At the end of the 2003 season, Treadwell and his girlfriend, Amie Huguenard, encountered travel difficulties while leaving Alaska and decided to stay a week longer than usual. During that time, which coincided with the bears’ more aggressive pre-hibernation state, Treadwell and Huguenard were attacked and killed by a 28-year-old male brown bear.

THE PLOT

There is no doubt Treadwill is charming. He is silly and energetic, full of life and affection for the dangerous creatures he loved. While watching the footage from his decade plus of experience, you can’t help but fall into his delusions. There is proof that they occasionally responded to him positively! He swam with them in rivers, sat amongst them, redirected them when they lumbered toward him.

Director Werner Herzog studied over 100 hours of this footage and transformed it into a narrative documentary. He often offers his own blunt, philosophical takes on what he decided to include.

Herzog shows us Treadwell’s slip into a perceived psychosis, wherein he strongly believed he was the sole protector of these bears from the dangers of poachers.

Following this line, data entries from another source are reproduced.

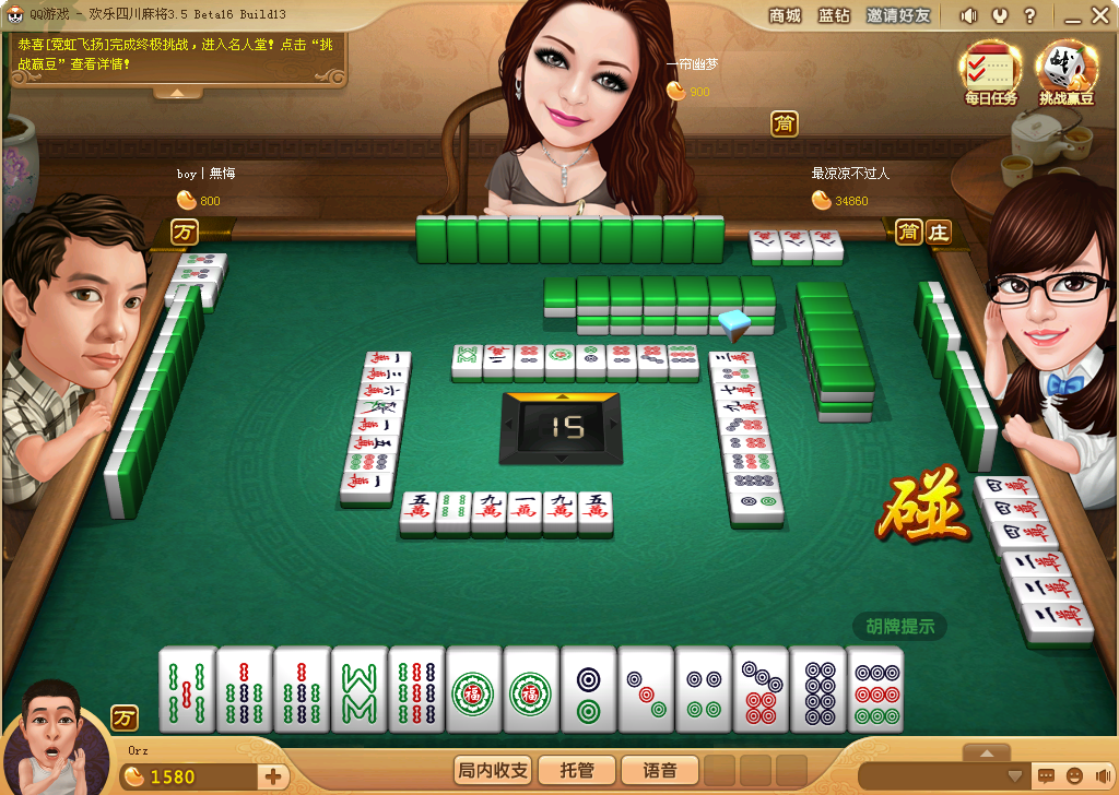 窍门就是 胡牌不要胡小的,比如另外3家都打的是万,你胡2 5 8万,外面一张 2 5 8万都没出来,这个时候你可以胡,而且胡的很多。又比如,手上都是对子的话,你不要碰,如果你运气好的话,来个对对胡,胡的也很大。普通麻将只能胡一次。这个可以胡很多次,直到牌摸光为止。还有就是不要跟豆子少的人玩,你会赢得很少。
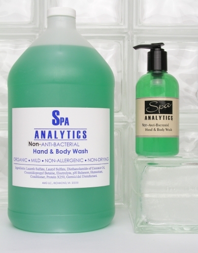 Spa Analytics Non-Antibacterial Hand & Body Wash is actually three products in one. Made with Coconut Oil and Aloe Vera, this organic surfactant works great cleansing away dirt whilie hands and body will not be stripped of essential body oils. Our Organic Hand & Body Washes are so mild and non-irritating, that they work great as a shampoo as well. Perfect for frequent washings, and available in blends of Almond, Herbal, Mango and Cherry extracts. Also available in 4:1 Concentrates.
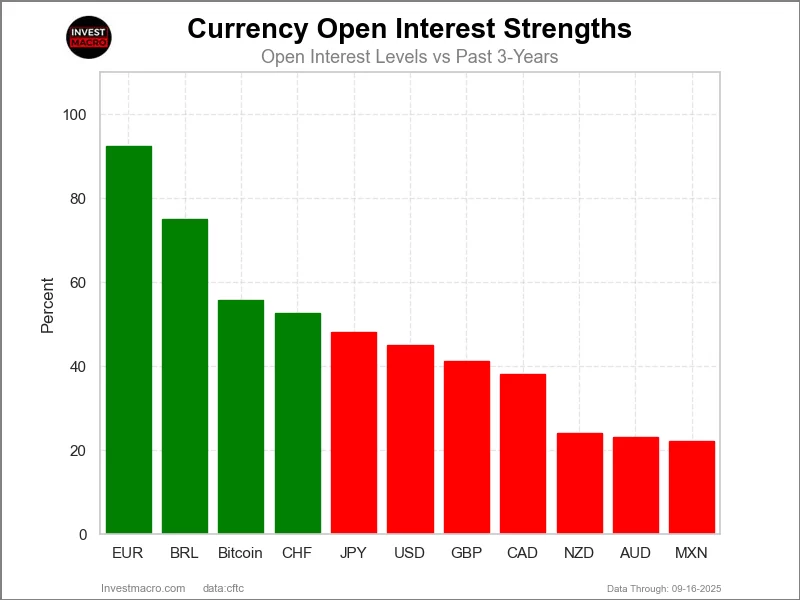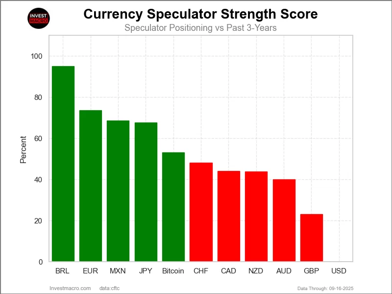 COT Strength Scores (a normalized measure of Speculator positions over a 3-Year range, from 0 to 100 where above 80 is Extreme-Bullish and below 20 is Extreme-Bearish) showed that the Brazilian Real (95 percent) and the EuroFX (74 percent) lead the currency markets this week. The Mexican Peso (69 percent), Japanese Yen (68 percent) and the Bitcoin (53 percent) come in as the next highest in the weekly strength scores.
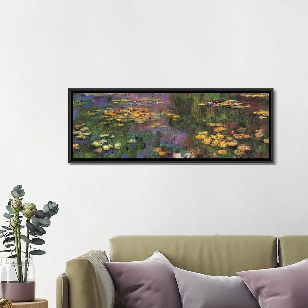 Icanvas "Water Lilies" By Claude Monet Framed Canvas Print - 16x48 - Black
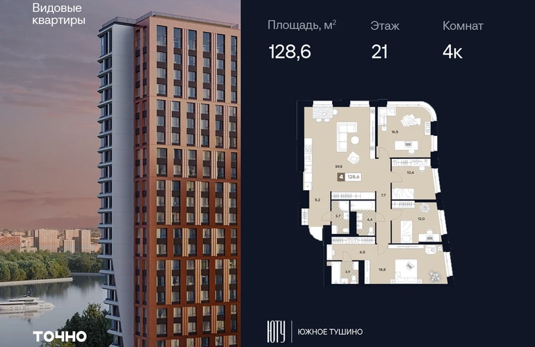 ЮТУ-камерные небоскребы бизнес-класса с исключительной архитектурой, видовыми квартирами и подходом к большой воде-благоустроенной набережной канала имени Москвы. Проект ЮТУ создает идеальный баланс жизни в городе. Это приватный оазис, где в любой момент можно сменить контекст и выбрать любой из тысячи маршрутов к активному отдыху и ярким впечатлениям. Локация премиум-класса • Первая линии в прибрежной части Химкинского водохранилища • Исключительно тихий и зелёный район Южное Тушино • За 2 минуты можно спуститься к воде, за 10 минут найти зеленые парки и готовую инфраструктуру, за 30 минут доехать до Кремля Концепция проекта • Две футуристичные башни, соединенные торговой галереей от бюро ATRIUM • 60 неповторяющихся планировок: квартиры с угловым «плавным» панорамным остеклением, мастер-спальнями и гостиными до 39м² и просто очень большие квартиры площадью до 128,6 м² • Беспрецедентная коллекция видов-в проекте 80 % видовых квартир Чувство эксклюзивности • Своя приватная жилая экосистема -только для резидентов домов • Лаунж-терраса на крыше • Пространство скрыто от посторонних глаз-с трех сторон его окружают строения проекта Прогрессивные технологии • 3-уровневая система безопасности (Face ID, BLE-метки, видеонаблюдение) • Умный паркинг с распознаванием номеров Проект федерального девелопера ТОЧНО-из ТОП-3 застройщиков России. Компания в проекте реализует ответственный подход к развитию пространств для благополучной жизни человека. И что в ЮТУ особенное воплощение приобретает концепция человекоцентричности, как заметная грань девелопмента ТОЧНО.

He shows us a man fighting against civilization, drifting further from humanity with every summer he spent in the wild.

Intercutting the footage of Treadwell’s interactions with bears and rants against poachers are interviews with people who knew Timothy: an ex-girlfriend, some friends, the pilot who found him, park rangers, bear experts, his parents. Herzog doesn’t hide the fact that a lot of people thought Timothy was reckless, delusional, even disrespectful to the bears and the land. But he also doesn’t mock him. There is tenderness in how Herzog presents Timothy.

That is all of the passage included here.